IT’S mid-March already, and highlights for folk music fans in the week ahead begin tonight at The Copper Beech in Darlington, where local lads Bob Surgeoner and Bruce Rollo will be the main attraction. The Witham in Barnard Castle continues to flourish as a major music venue, and on Saturday, Welsh folk-rockers Jamie Smith’s Mabon will be in town with their energetic instrumentals and lively on-stage antics. On Sunday, Gateshead’s Sage presents an evening of world music with a middle-eastern flavour, courtesy of Moishe’s Bagel, while down the road at The Customs House in South Shields, I have a solo gig at the regular weekly folk club, starting as usual at 7.30pm.

Also on Sunday, The Shea Family are special guests at The Rugby Club in Guisborough. On Monday, The Iron Horse in Newton Aycliffe plays host to Eddie Walker and Frank Porter, who are rapidly becoming one of the local scene’s top attractions with their good-time music and sensitive songs. Tuesday sees rare local appearances by two stars from out of the west, one long-established, the other just blossoming.

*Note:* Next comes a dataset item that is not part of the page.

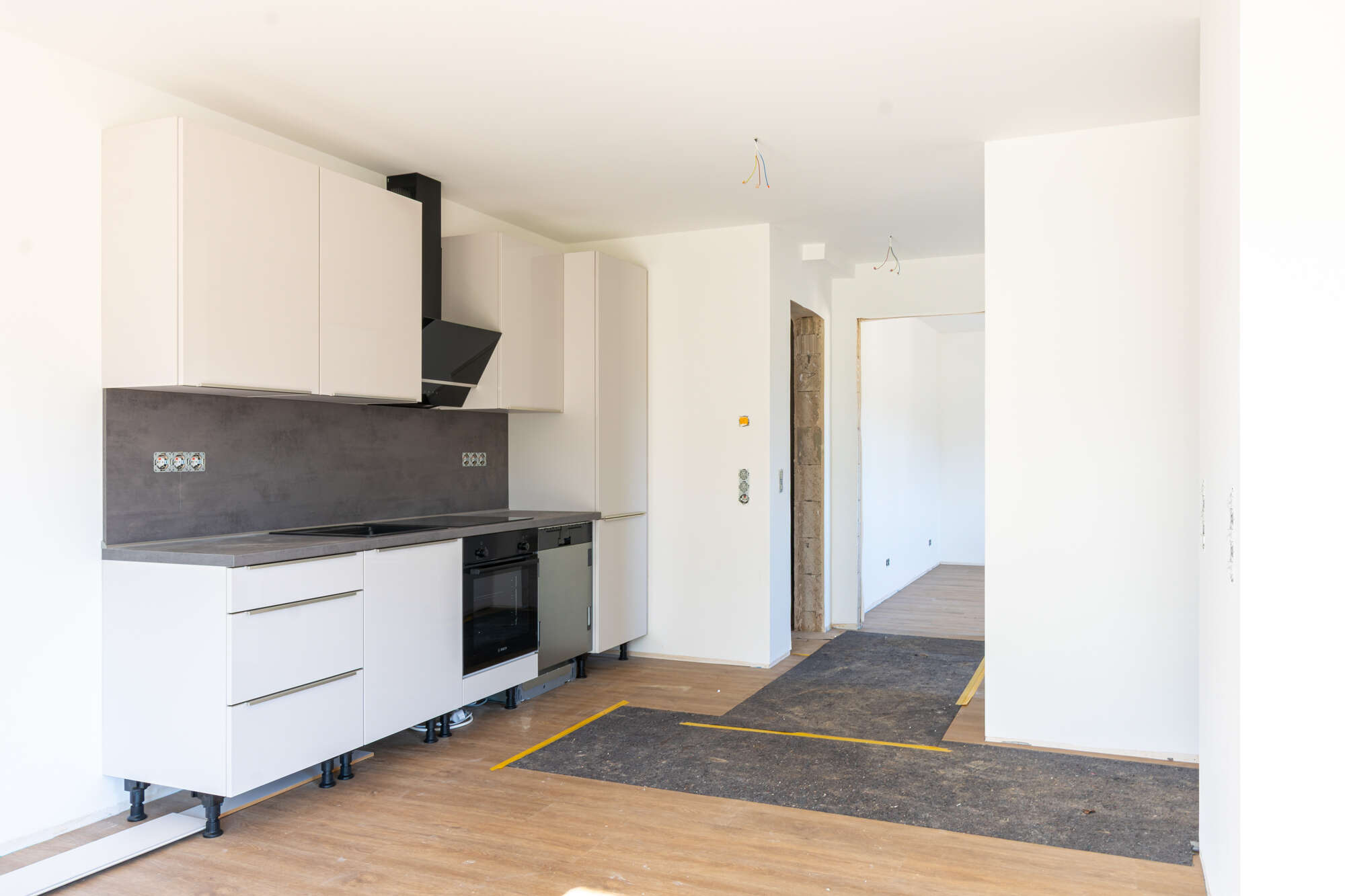 Der offen gestaltete Wohn- und Essbereich mit integrierter Küche bildet den lebendigen Mittelpunkt der Wohnung. Hier genießen Sie gemeinsame Kochabende, entspannte Stunden auf dem Sofa oder gesellige Abende mit Freunden.
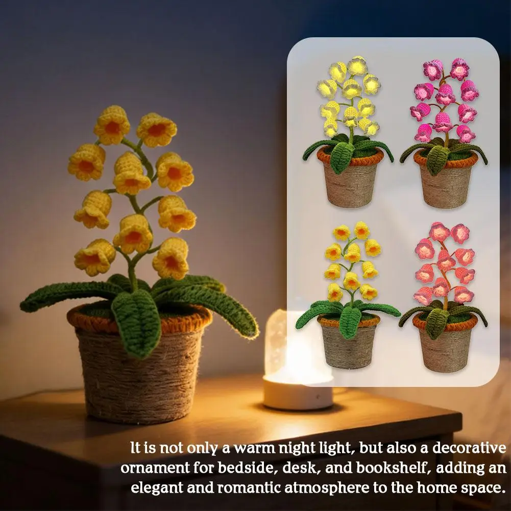 Lampada Decorativa LED a Forma di Orchidea in Vaso, Luce Notturna Artigianale all'Uncinetto per Camera da Letto e Scrivania, Vaso Luminoso Romantico per Arredamento Casa

From Gloucestershire, Johnny Coppin brings his slick style and finely-honed songs to the Clef and cask in Cramlington, while down at Redcar Bowling Club, The Cutty Wren features West Midlands-based blues guitarist Sunjay Brayne, a young man who is certainly making a name for himself around the country.

Meanwhile, I hear tell that one of my own favourite local singers, the inimitable Jim Sharp, has finally got around to making a solo album, and has chosen the songs of another of my heroes, Ed Pickford, as the focus of the collection. The album is available on-line as a CD and also as a download.